Well to be honest I really didnt want the big wedding. I actually wanted to run off and get married in Vegas. He was the one that insisted we have a big wedding so I caved in to what he wanted. So him needing attention is his fault. And as for the part that I might have done something to cause him to do it well I dont think so. In the five years before I never cheated I never got numbers or anything. He worked nights and I always stayed home no clubs or bars or anything like that. I was there for him when he lost his father and I also tried my best to keep him satisfied in any way possible. You know the whole lady in public freak in the sheets thing. It just seems like no matter what you do or how you treat your man he is just programmed to be unsatisfied with what hes got. I know that if it would of been me who cheated he would have left in a heartbeat.


----------



## AZMOMOFTWO (Jun 30, 2008)

"I know that if it would of been me who cheated he would have left in a heartbeat."

Yes ma'am this is sadly true! 

Atholk gives a good man's perspective and while we might not like it or thinks its right, it has some truth in it. I was actually glad my H had been with other women before me. He was 18 and me 16 when we got together and its been 24 years so I'm pretty sure if he hadn't he would have gotten curious by now. Although seems to not have mattered since he cheated anyway. 

So back to you, before the wedding though??? What an ass. Panic attack or not. 

It sounds like you are committed to making this work. Is he as committed? Will he go to counseling? This is a tough road, I've been on it for about 13 months and its a long road so he has to be prepared to support you through this process. You will have bad days, you will be angry can he handle that? Will he be totally open with you? If so, you have a chance of working it out. I wish you the best of luck.


----------



## Atholk (Jul 25, 2009)

Well I think you rebutted most of my thoughts and questions there. So... hmmm.



mommy of Alyssa said:


> It just seems like no matter what you do or how you treat your man he is just programmed to be unsatisfied with what hes got.


There may be an element of that at work too. I suffer from that once in a while myself even now 15 years later. We can be idiots. 

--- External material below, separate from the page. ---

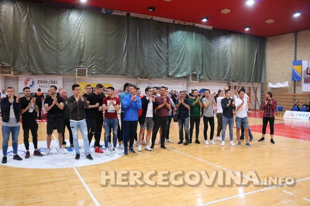 ... u dvoranu su ušli nogometaši starog/novog prvaka BiH HŠK Zrinjski. Isti su dobili gromoglasan aplauz od domaćih navijača, a navijači i igrači zajedno su zapjevali pjesmu "Hej Zrinjski ko nam brani, da bude sve ko lani", te na taj način još jednom proslavili treću uzastopnu titulu prvaka BiH.

I have no idea what else to say.


----------



## CarolineMRF (Sep 2, 2009)

He is the same man that you fell in love with...Nothing has changed...He had his fling...Met her one time and sowed his wild oats...Look at it this way, what if he never had a chance to do this before marriage?...Seeing he was a virgin, he may have been far more tempted later on...You love him...So you were pregnant...Stop punishing yourself for something that happened in the past...If it was me I would show him everytime that we made love what a hot woman that I was...Always make him have no regrets....

Let this be a lesson to you in life...Women are out there ready to grab any man any chance that they get....Far too many hot women and far too few able men.....


----------



## Gomez (Jun 5, 2009)

I think your main question is how to move on. The only awnser is time. Do you love this man? Is it important to you that he is a part of your new family? Is he as committed to you as you are to him? If these things are true then find a release for your emotions, talking or writing or working out, and try to make a happy memory today and tomorrow. 

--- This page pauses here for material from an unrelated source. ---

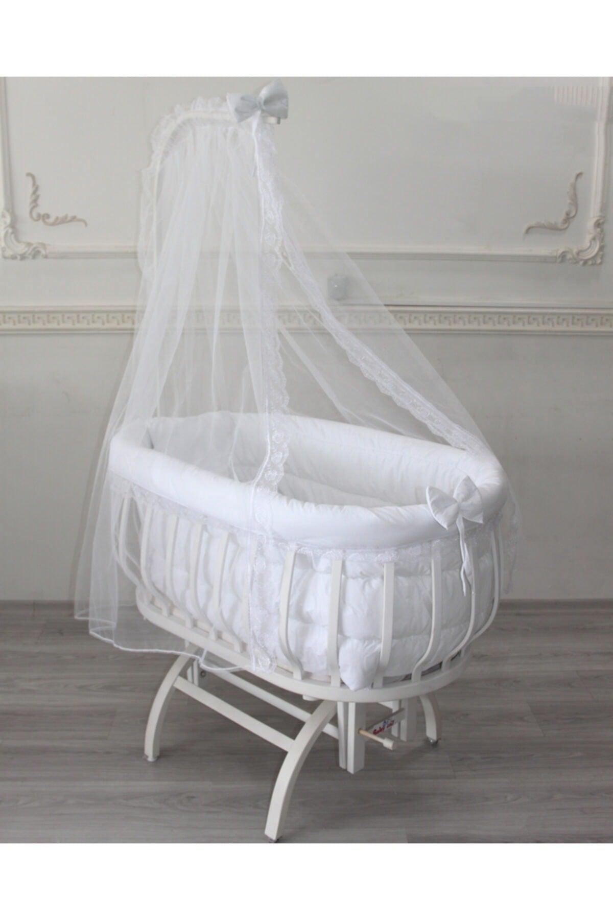 White Basket Cradle Sleep Set ( Not Includes) Granny %100 Bio-Baumwolle

Let yesterday go. It is hard and there will be hard days and easy days, but eventually the hard days get fewer and farther in between if you have good memories to put in between. You have to decide on balance which is greater; your love of him or your doubt of him. This is the crux of marriage, it is not over when you say "I do" or when you have been married 20 years, one must decide every day if thier partner is earning thier love or thier suspision. 

It sounds like your man has learned his lesson, like he has grown closer to you through this trial and will not want to hurt you after you have proven your acceptance of him and all his flaws. Let it go and give your lives together another chance.


----------



## findingpeace (Mar 14, 2009)

Dont let anyone fool you not all men think with their penis's, true love is not selfish and cheating is as selfish of an act as it gets your husband has no exuse for what he did when someone gets married it is because they have found their one and only I guess i would totally have to question your husbands intnentions for getting married in the first place and if he trully loves you and if he even knows what love is or maybe you like myself did a poor job chosing the person we were to be with I would serious recomend you get counceling and try to forgive him you will never forget what he has done and the trust is going to be a very difficult thing to rebuild Good Luck and God bless


----------



## mommy of Alyssa (Aug 28, 2009)

I would like to thank everyone that has responded to me. My husband and I are still working on our marriage. No counseling yet but I think we are doing a good job communicating exactly how we feel about everything. He does seem regretfull and he seems happy coming home to me and our little one. I guess only time will heal wounds.


----------



## foolz1 (Sep 5, 2009)

mommy of Alyssa, I feel your pain. I have trouble with the trust issue, myself. I am glad you are at least able to communicate. Some men and some women apparently need additional attention outside their marriages. 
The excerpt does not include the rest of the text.